To back up such a obvious agency planted 'report' one site even includes a purported 'unclassified' Intelligent Report describing how the DEA were unable to obtain decrypted messages between iMessage users dated Feb. 21, 2013. What makes that very suspicious to me is that with the Bush and now Obama White House, declassifying Intelligence Briefs takes many years, sometimes decades pass after a solution or mitigation has been applied.[2][7]
The readers should be mature enough to understand that in today's times a major provider indicating a serious DEA-FBI security lapse is a open invitation for that article,news brief or website-webpage to be immediately deleted in real time and results in a rapid disappearance if it were publicly published.
It didn't take long for me to determine the special sauce in the iMessage encryption was simply standard SSL/TLS using RSA 2048 public keys. If a browser still supports weak and broken encryption modes for its SSL operations (nearly all do unless YOU manually remove them) it is possible the weakest encryption mode which is likely broken (RC4 for example) is going to be deployed in your SSL session. A really useful primer on fine tuning the Firefox browser's SSL strength complete with the necessary steps you could apply to other browsers is found here. [3]

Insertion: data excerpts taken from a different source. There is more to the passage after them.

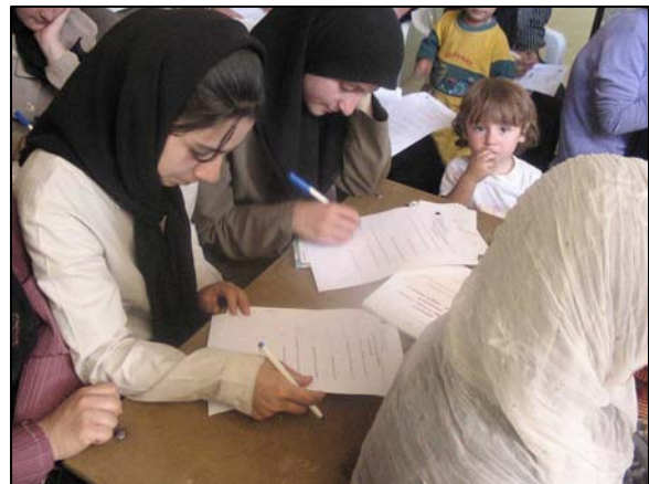
The ASUDA Organization for Combating Violence Against Women - an Iraqi civil society organization based in Sulaymaniyah governorate - has received a support from USAID's Local Governance Programs.

At the local level, USAID helped to increase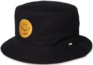
BLACK/COKE RED 11499-BKCKR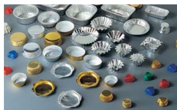
Aluminum foil press mould products

This system produces cups that are composite, for example PET and paper, meaning that we can produce even more functional containers.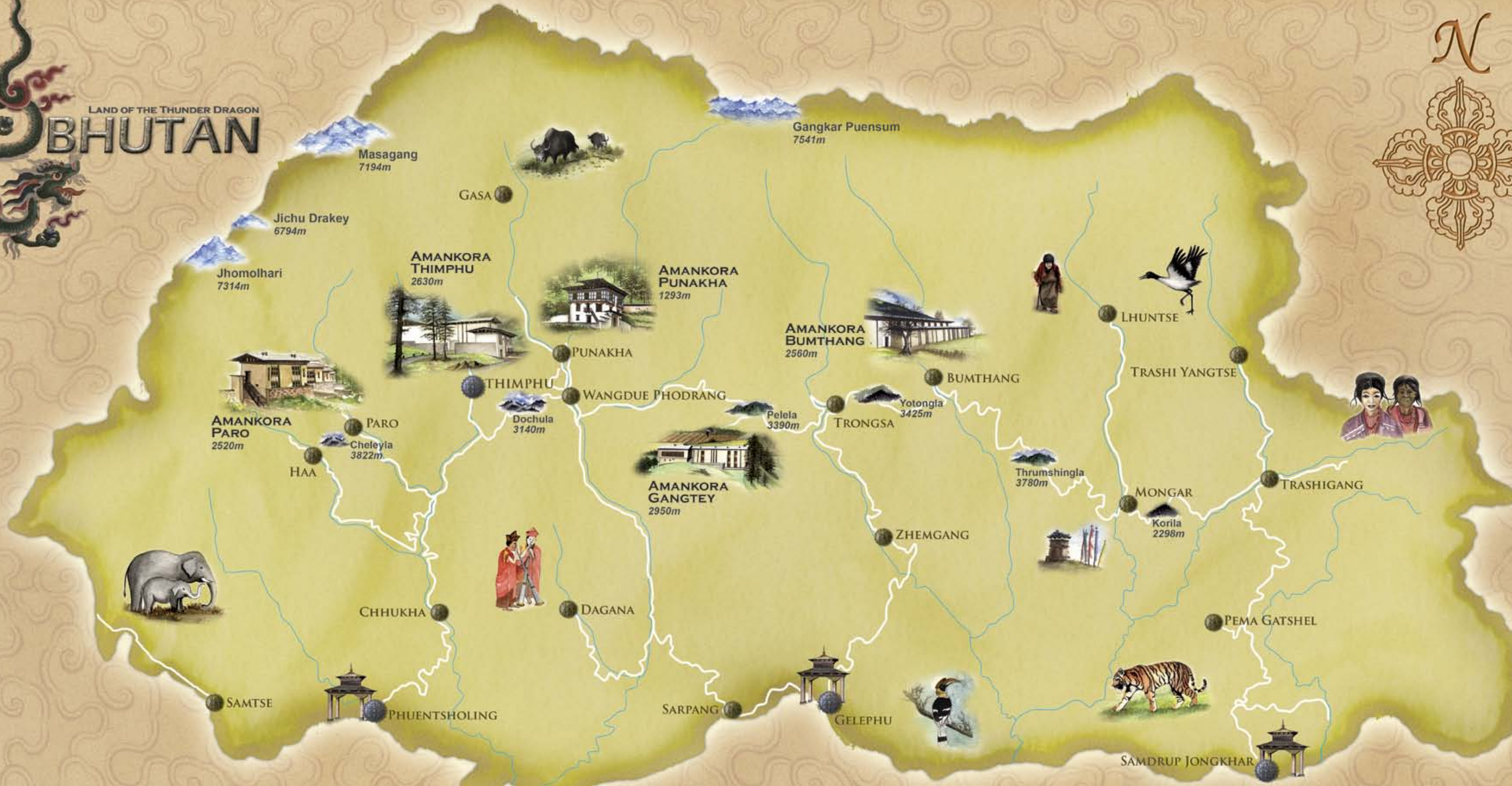
The Amankora Journey : Estimated Travelling Time (including short stops)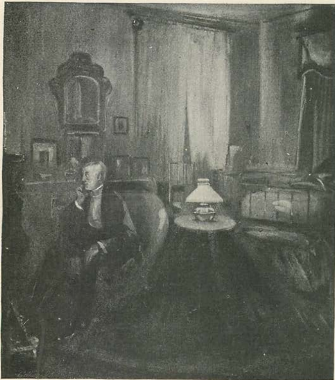
"A MELANCHOLY VIGIL."

"Quick! Quick!" said Lord Linchmere's voice in my ear.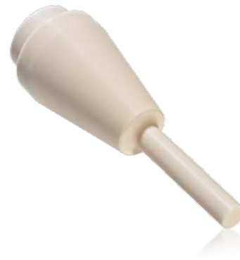
Float bodies in FRIALIT F99.7 for flow monitoring in the chemical industry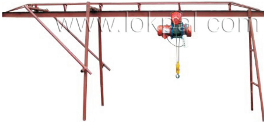
Mini Lift (Channel Type)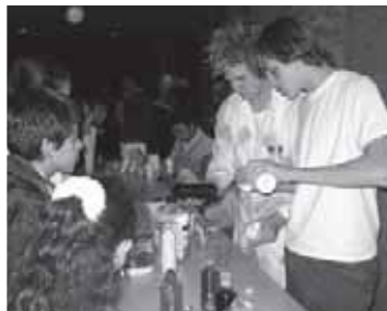
Fun With Polymers!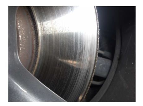
Diagnosis report of 2017 BMW X1 Stock ID: L904361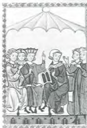
The academic gowns and hoods worn by graduates and University staff today are fashioned on everyday medieval garments.

In the Middle Ages the corporate existence of universities was recognised and sanctioned by civil or ecclesiastical authority. The regalia worn by graduates and university staff today reflect this mix of medieval governance. Robes worn by the Chancellor resemble those worn by the Lord Chancellor of England. Graduates and academic staff wear gowns similar to the dress of medieval clergy. Hoods are also fashioned on an everyday medieval garment, although the coloured lining was a later addition to indicate the wearer's university and degree.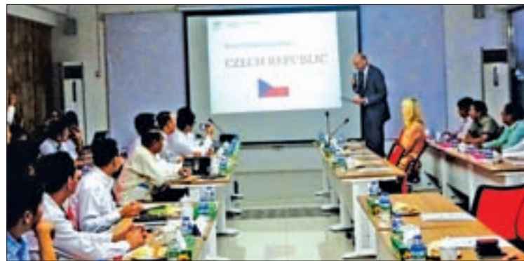
Czech Ambassador speaking at the meeting.

sagyo townships in Magwe Region, took part in rebuilding damaged houses hit by strong wind, hailstones and heavy rain, and they cleaned fallen trees that blocked roads in those areas.— Ye Zarni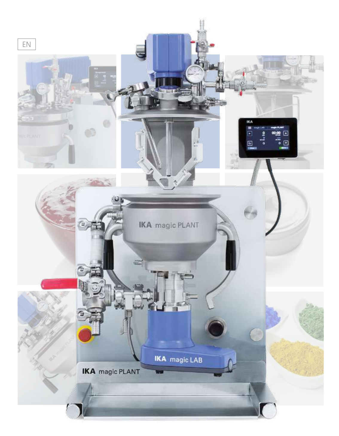
MODULAR PROCESSING PLANT ON A LABORATORY SCALE IKA magic PLANT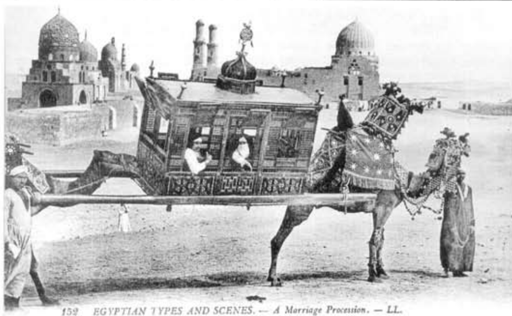
Plate 2. 152. Egyptian Types And Scenes.- A Marriage Procession. - LL (Louis Lévy).

The copyright date on this view is 1895; a year before the Underwood brothers made their trip to Egypt. Most other views in the set are dated 1896 or 1897. It should be noted that the set was amended over time, and some earlier views replaced by later ones, many bearing the copyright date 1904 3 . It is this later set which is the subject of Breasted's 1905 text.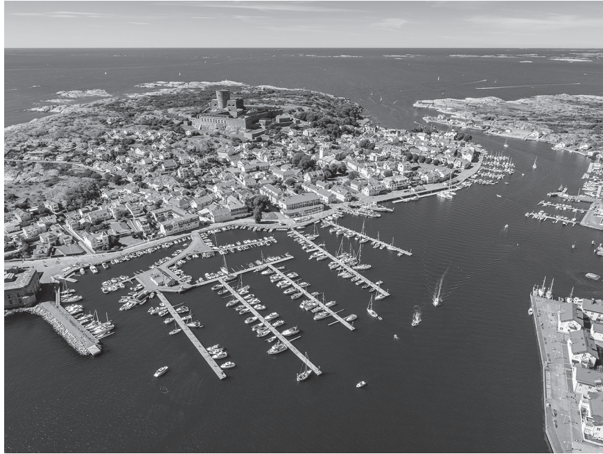
Figure 4. Aerial photograph showing Marstrand and part of Köön. The 17th-century fortress Carlsten sits enthroned over the town and its sheltered natural harbour. The church with its tower is visible among the houses, just above the centre of the photograph.

both refer to Erik Lönnroth (1963, pp. 111–112).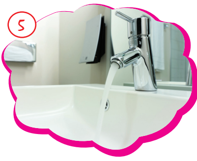
We shouldn't waste water.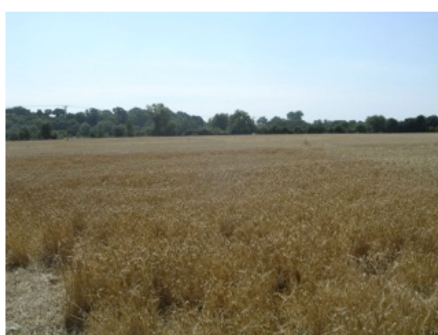
4.1.10 Towards The Home Ground from Fieldway 4.1.11 Towards Morgans Ground from Fieldway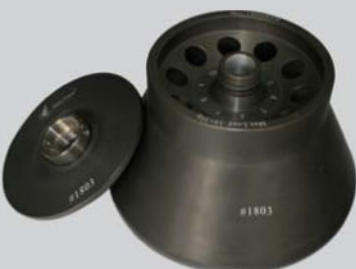
#1803 fixed angle rotor

Apple just as Microsoft's former IM server STORES ALL USERS MESSAGES IN PLAIN TEXT on their server. 2048 bit RSA public keys are not in my opinion going to be strong enough to protect business secrets and many have/are moving to 4096 RSA public keys as a result. All major providers appear to have been pressed into full warrentless 'cooperation' in my opinion who would not present any obstruction to Apple users 'plain text' stored on the Apple iMessage Server per a DEA or FBI,NSA,CIA request.
In My Opinion and Conclusion:
The articles appear to be a deliberate effort to steer individuals into a false sense of security to use iMessage IM. While it does appear iMessage uses end-end encryption, as pointed out the SSL mode can be weak and the public key size isn't considered strong now and the users IM messages along with their Apple account information is recorded in plain text allegedly on the Apple iMessage IM servers. Apple's privacy policy clearly states that the iPhone maker may give information about its customers to law enforcement when "reasonably necessary or appropriate" or to "comply with legal process."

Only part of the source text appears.